Action item. Your reply should be the whole listing, copied exactly, with the pictures left out.

Source data.
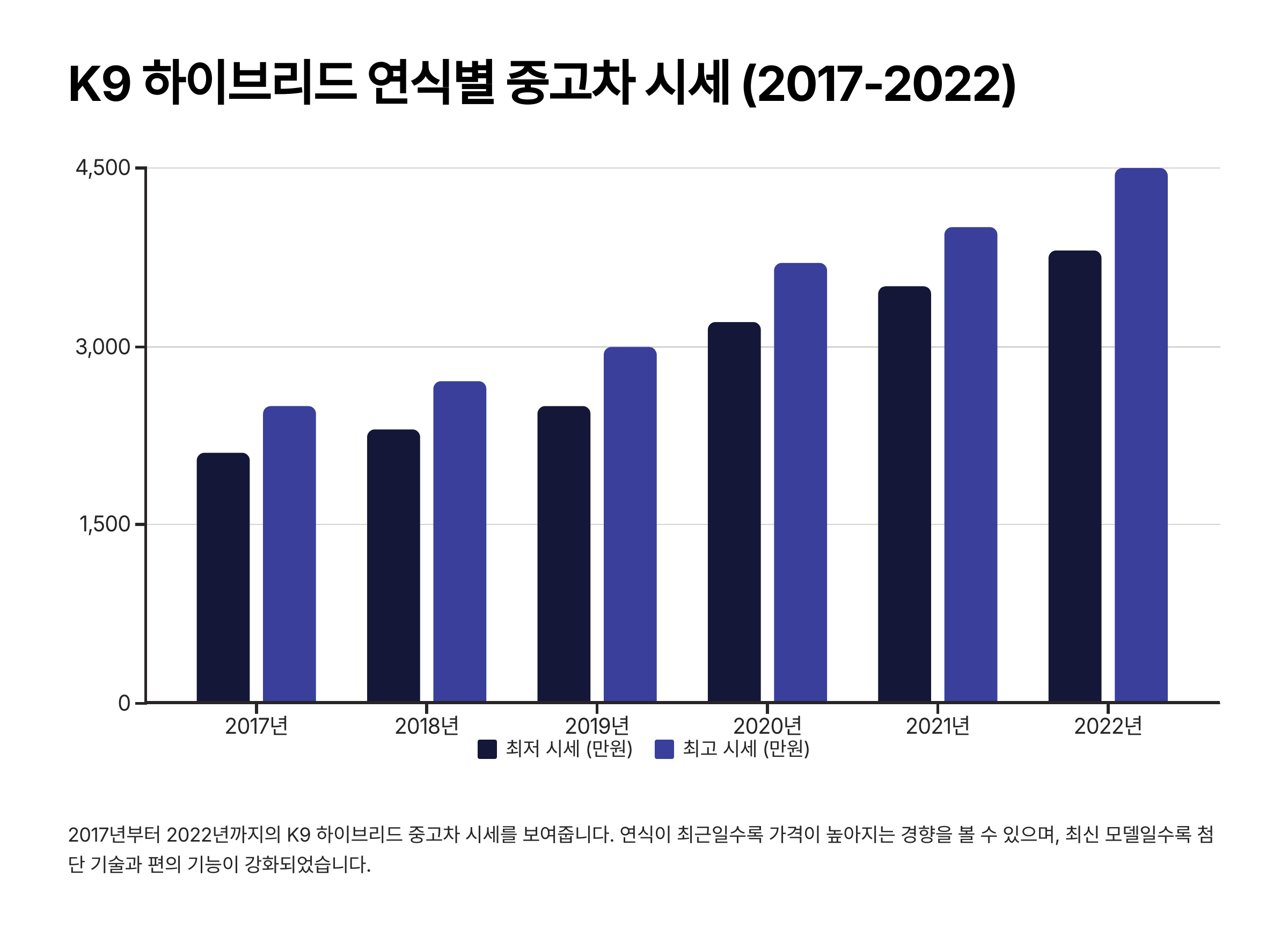 K9 하이브리드 중고차 시세를 연식별, 모델별로 상세하게 분석하여 제시합니다. 아래 표는 실제 중고차 매물 데이터를 기반으로 작성되었으며, 시장 상황에 따라 변동될 수 있습니다.
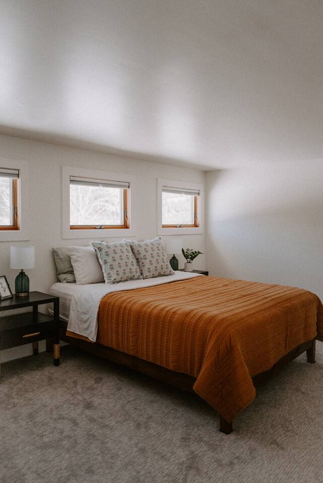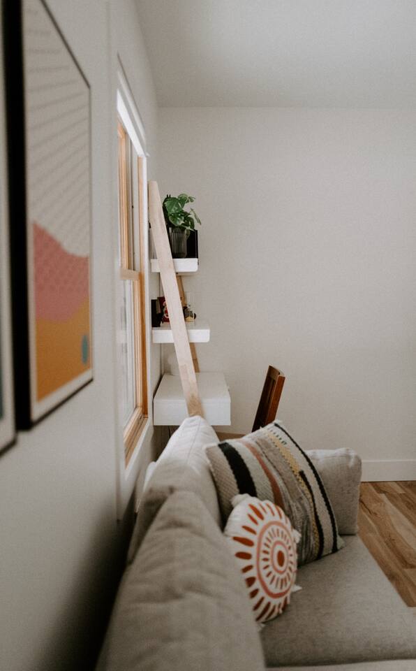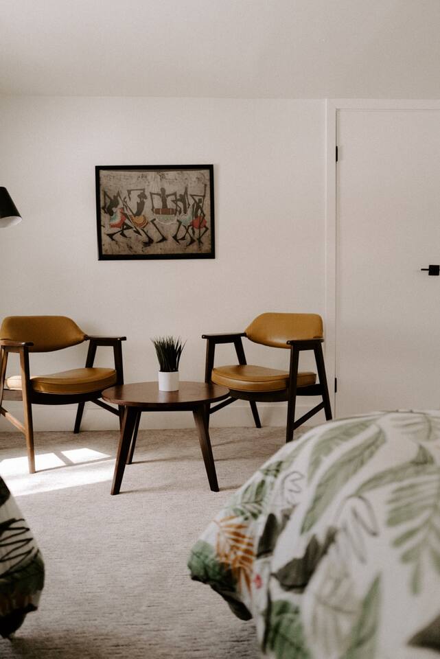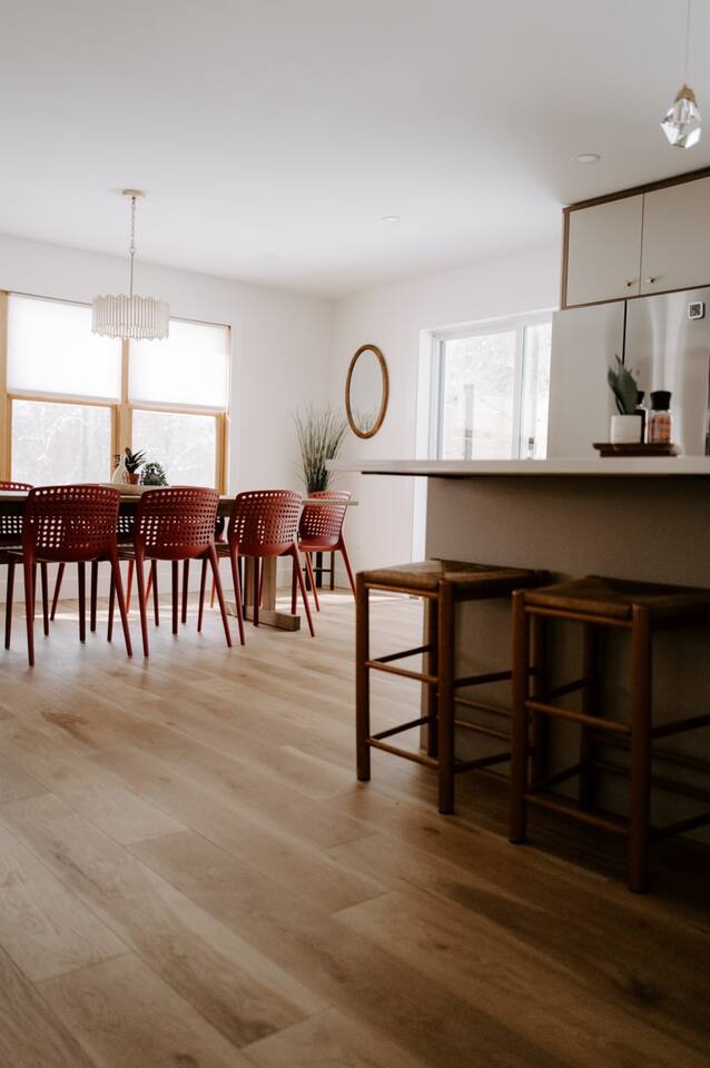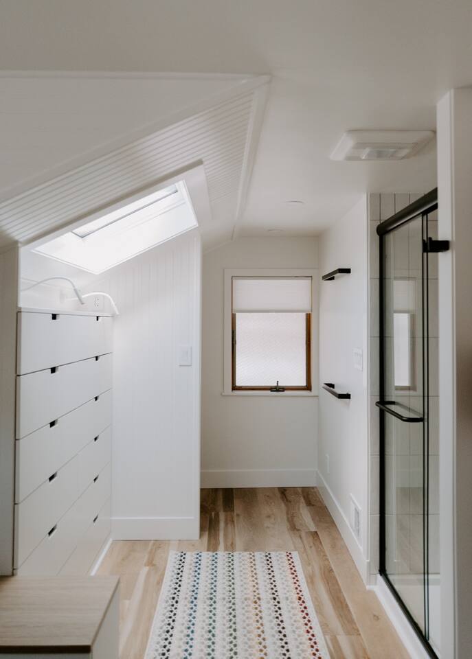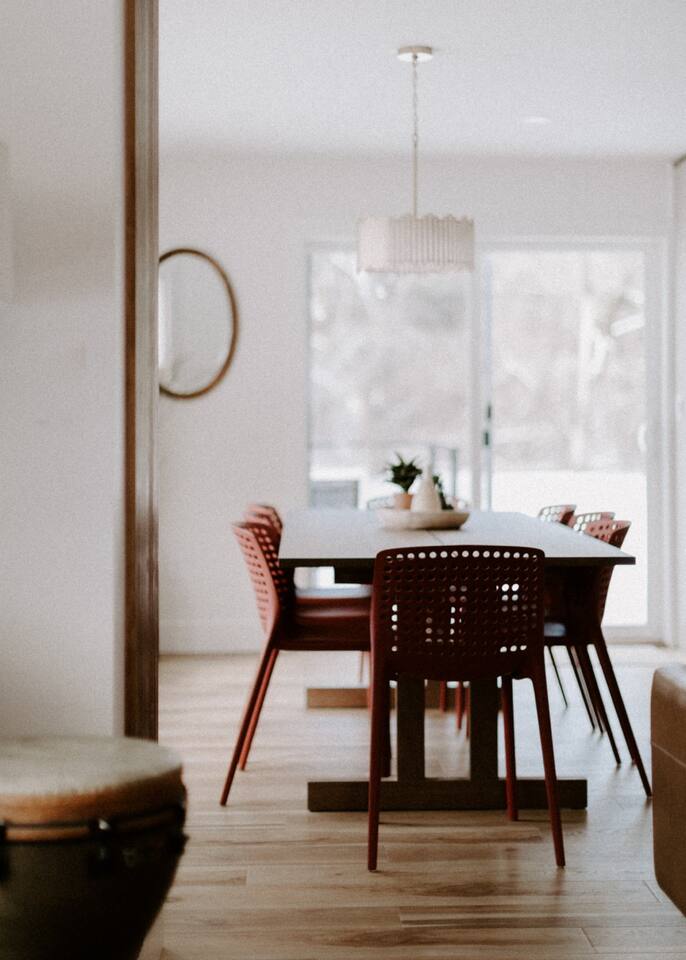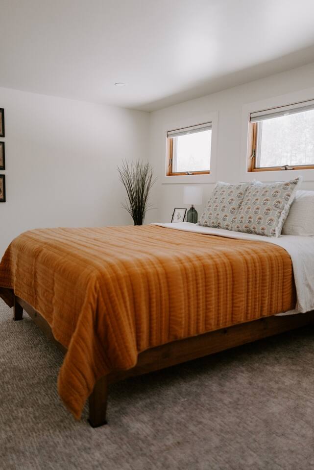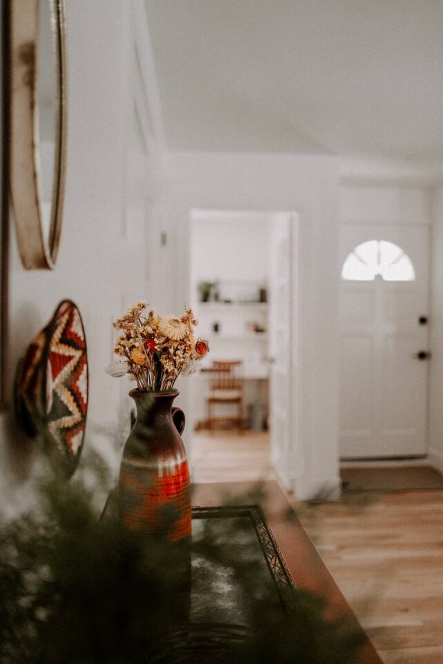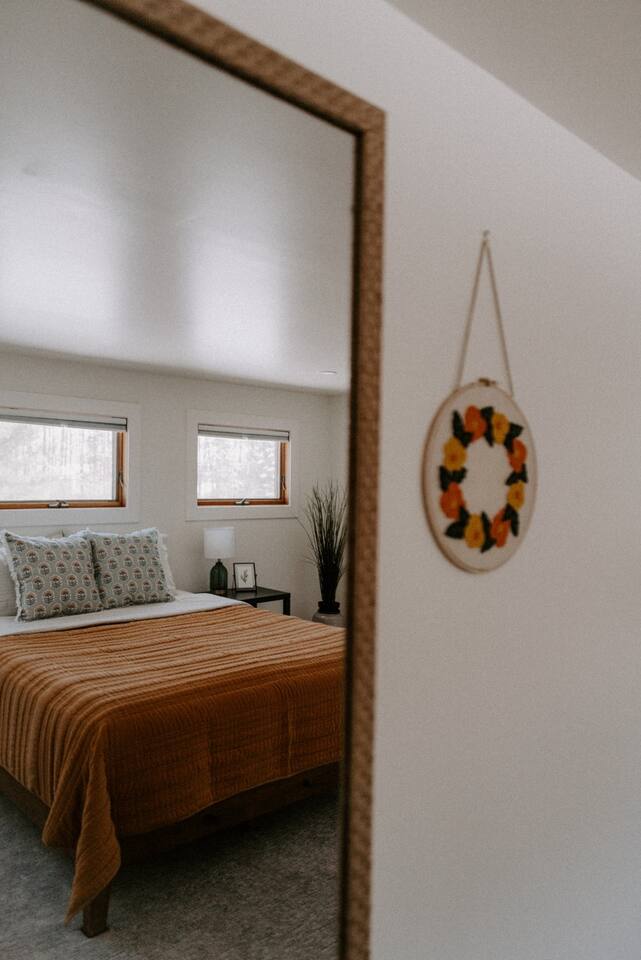 This house has been thoughtfully updated to create a colorful, bright, and open space that we know you'll love. The living room, kitchen, and dining room are all on the main floor. The main floor also has a spacious laundry room, the first bathroom, and an office. The office has a TV, comfortable couch, and a play space for the kids. Just off the kitchen is a sliding glass door that will lead you to the back deck. The deck and the yard are both very spacious making it a great spot to serve dinner in the summer. After dinner head out to the fire pit to toast some marshmallows for s'mores. Up stairs you'll find all three bedrooms and two more full bathrooms. The main bedroom has a queen bed and large ensuite on one side with a walk-in shower and double vanity and another dedicated work space. The kids bedroom has an extra twin bed under each bed and extra linens to accommodate 4 people in that room if needed. The third bedroom has a queen bed with a large couch and large closet. That bedroom is directly across from the third bathroom that also offers a walk-in shower. There is a lot to love here both indoor and outdoor. We think you'll love the privacy, space, and playful design, all while being a 3 minute drive to the mall area.
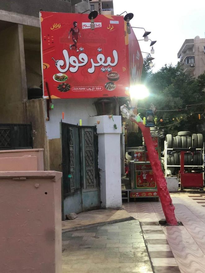 最能說明這一切的,是開羅納賽爾城一家售賣蠶豆泥和炸鷹嘴豆餅的小食店。這家店用阿拉伯語取名為“Liverfool”,巧妙融合了利物浦隊名與自家菜品,店招最上方便是薩拉赫的照片。

Expected answer.
 K9 하이브리드 중고차 시세를 연식별, 모델별로 상세하게 분석하여 제시합니다. 아래 표는 실제 중고차 매물 데이터를 기반으로 작성되었으며, 시장 상황에 따라 변동될 수 있습니다.
 This house has been thoughtfully updated to create a colorful, bright, and open space that we know you'll love. The living room, kitchen, and dining room are all on the main floor. The main floor also has a spacious laundry room, the first bathroom, and an office. The office has a TV, comfortable couch, and a play space for the kids. Just off the kitchen is a sliding glass door that will lead you to the back deck. The deck and the yard are both very spacious making it a great spot to serve dinner in the summer. After dinner head out to the fire pit to toast some marshmallows for s'mores. Up stairs you'll find all three bedrooms and two more full bathrooms. The main bedroom has a queen bed and large ensuite on one side with a walk-in shower and double vanity and another dedicated work space. The kids bedroom has an extra twin bed under each bed and extra linens to accommodate 4 people in that room if needed. The third bedroom has a queen bed with a large couch and large closet. That bedroom is directly across from the third bathroom that also offers a walk-in shower. There is a lot to love here both indoor and outdoor. We think you'll love the privacy, space, and playful design, all while being a 3 minute drive to the mall area.
 最能說明這一切的,是開羅納賽爾城一家售賣蠶豆泥和炸鷹嘴豆餅的小食店。這家店用阿拉伯語取名為“Liverfool”,巧妙融合了利物浦隊名與自家菜品,店招最上方便是薩拉赫的照片。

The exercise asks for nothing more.